Sussex Correctional Institution
- Interactive map of Sussex Correctional Institution
- Location: 23203 Dupont Blvd Georgetown, Delaware address;
- Status: open
- Security class: maximum, medium, and minimum
- Capacity: 1206
- Opened: 1931
- Managed by: Delaware Department of Correction

= Sussex Correctional Institution =

Prison in Delaware, United States

The Sussex Correctional Institution (SCI) is located in unincorporated Sussex County, Delaware, near Georgetown. Opened in 1931, SCI, a part of the Delaware Department of Correction, is one of Delaware's oldest correctional facilities. SCI houses medium, and minimum security inmates. Maximum security inmates are housed at James T. Vaughn Correctional Center (JTVCC) in Smyrna, Delaware. SCI houses an all-male population.
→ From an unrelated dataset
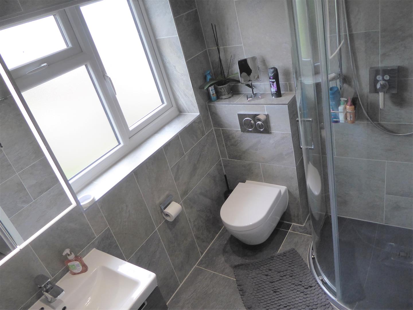 Modern Re-Fitted Shower Room - Tiled enclosed shower cubicle, wash hand basin with vanity unit below, low level w/c, part tiled walls and flooring, double glazed windows, heated towel rail.

A major expansion project was completed at SCI: between April 1997 and April 2000, 760 beds were added to the facility for a total capacity of 1,109 beds. The expansion brought the total capacity of the institution to 1206. SCI is also home to the nationally recognized substance abuse treatment program called KEY. In an effort to reduce crime and recidivism, Governor Thomas R. Carper and the Department of Correction unveiled the program at SCI on February 10, 1998. SCI's program is called KEY South. The KEY program is an intense, discipline-based therapeutic substance abuse treatment program for 180 offenders at SCI. This program has now been replaced by the "Road to Recovery" (R2R) program, which is a community-based program.

Several programs designed to facilitate rehabilitative efforts are in place at SCI. These programs include educational opportunity, vocational training, work assignments, spiritual/religious opportunity and a variety of other classes and programming.